→ **Problem details**: Using the records below, transcribe exactly only the lines from the one with "a. Complete the" through the end, both included, and drop every picture.

(Collection entries)
-=-=-=-=-
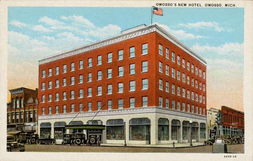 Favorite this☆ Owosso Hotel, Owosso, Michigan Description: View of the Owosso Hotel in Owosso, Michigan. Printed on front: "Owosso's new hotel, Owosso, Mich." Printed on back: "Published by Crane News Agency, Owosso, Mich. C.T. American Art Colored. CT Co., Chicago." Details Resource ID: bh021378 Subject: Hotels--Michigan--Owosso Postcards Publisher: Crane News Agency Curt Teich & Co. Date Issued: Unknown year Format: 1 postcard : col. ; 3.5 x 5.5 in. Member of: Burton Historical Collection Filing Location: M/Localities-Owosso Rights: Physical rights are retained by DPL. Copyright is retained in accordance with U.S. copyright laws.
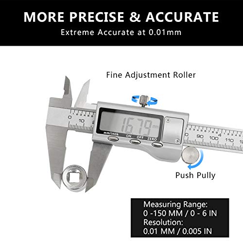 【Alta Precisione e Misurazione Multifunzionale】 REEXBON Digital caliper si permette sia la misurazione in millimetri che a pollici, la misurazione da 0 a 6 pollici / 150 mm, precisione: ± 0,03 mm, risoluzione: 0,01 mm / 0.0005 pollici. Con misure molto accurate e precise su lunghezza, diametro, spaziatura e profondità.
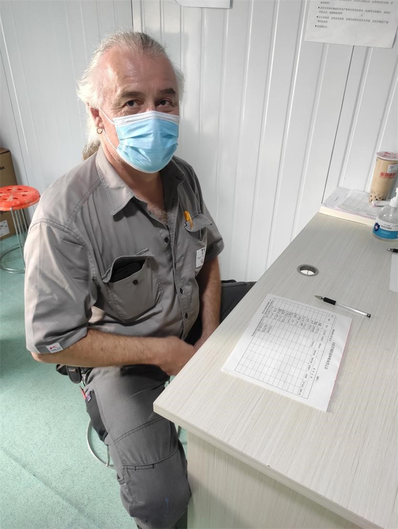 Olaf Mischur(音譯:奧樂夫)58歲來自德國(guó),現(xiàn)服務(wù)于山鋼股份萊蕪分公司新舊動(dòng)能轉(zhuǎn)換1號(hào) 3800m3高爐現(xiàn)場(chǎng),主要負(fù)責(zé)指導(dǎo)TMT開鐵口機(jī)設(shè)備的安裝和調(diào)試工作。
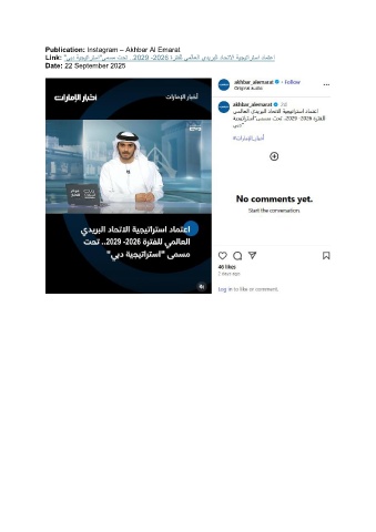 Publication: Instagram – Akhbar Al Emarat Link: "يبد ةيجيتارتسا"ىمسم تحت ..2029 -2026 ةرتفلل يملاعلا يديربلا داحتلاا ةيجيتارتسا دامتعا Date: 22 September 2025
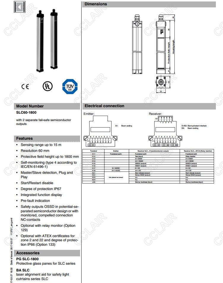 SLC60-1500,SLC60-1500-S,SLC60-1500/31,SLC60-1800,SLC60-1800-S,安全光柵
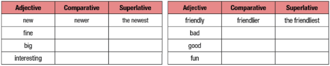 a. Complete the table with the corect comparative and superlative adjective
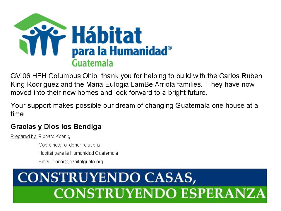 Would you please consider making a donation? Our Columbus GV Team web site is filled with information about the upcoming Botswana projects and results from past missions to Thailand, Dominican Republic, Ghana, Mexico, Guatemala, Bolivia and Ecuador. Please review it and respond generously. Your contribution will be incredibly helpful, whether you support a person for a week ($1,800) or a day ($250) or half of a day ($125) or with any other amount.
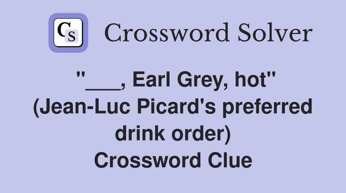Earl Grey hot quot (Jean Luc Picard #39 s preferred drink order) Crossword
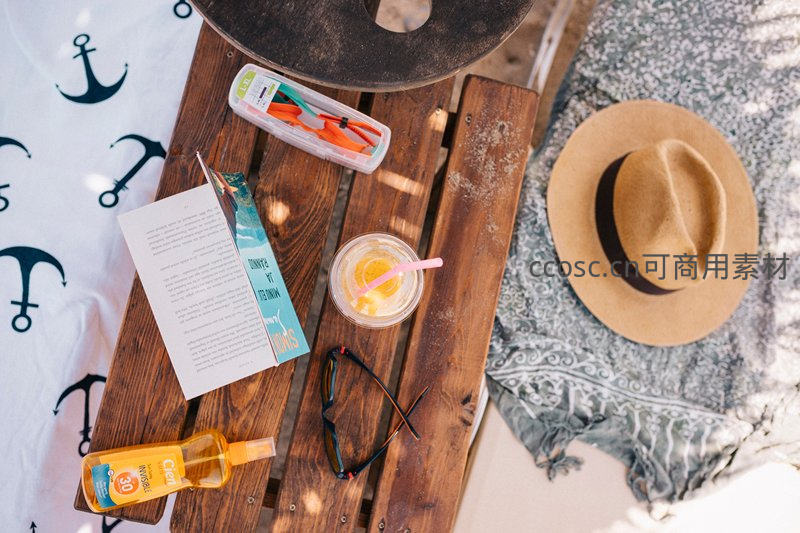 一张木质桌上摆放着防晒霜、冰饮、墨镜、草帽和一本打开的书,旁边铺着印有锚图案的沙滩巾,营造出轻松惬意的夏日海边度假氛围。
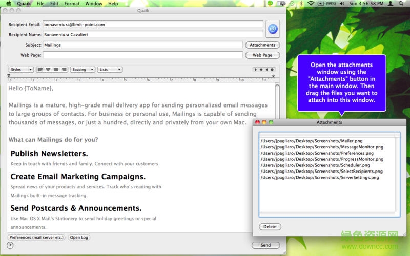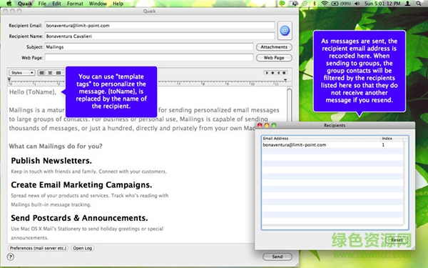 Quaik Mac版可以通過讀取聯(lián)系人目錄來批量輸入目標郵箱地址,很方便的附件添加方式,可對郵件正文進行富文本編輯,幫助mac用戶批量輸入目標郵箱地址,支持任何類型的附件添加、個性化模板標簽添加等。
-=-=-=-=-
→ **Worked solution**:
 a. Complete the table with the corect comparative and superlative adjective
 Would you please consider making a donation? Our Columbus GV Team web site is filled with information about the upcoming Botswana projects and results from past missions to Thailand, Dominican Republic, Ghana, Mexico, Guatemala, Bolivia and Ecuador. Please review it and respond generously. Your contribution will be incredibly helpful, whether you support a person for a week ($1,800) or a day ($250) or half of a day ($125) or with any other amount.
Earl Grey hot quot (Jean Luc Picard #39 s preferred drink order) Crossword
 一张木质桌上摆放着防晒霜、冰饮、墨镜、草帽和一本打开的书,旁边铺着印有锚图案的沙滩巾,营造出轻松惬意的夏日海边度假氛围。
 Quaik Mac版可以通過讀取聯(lián)系人目錄來批量輸入目標郵箱地址,很方便的附件添加方式,可對郵件正文進行富文本編輯,幫助mac用戶批量輸入目標郵箱地址,支持任何類型的附件添加、個性化模板標簽添加等。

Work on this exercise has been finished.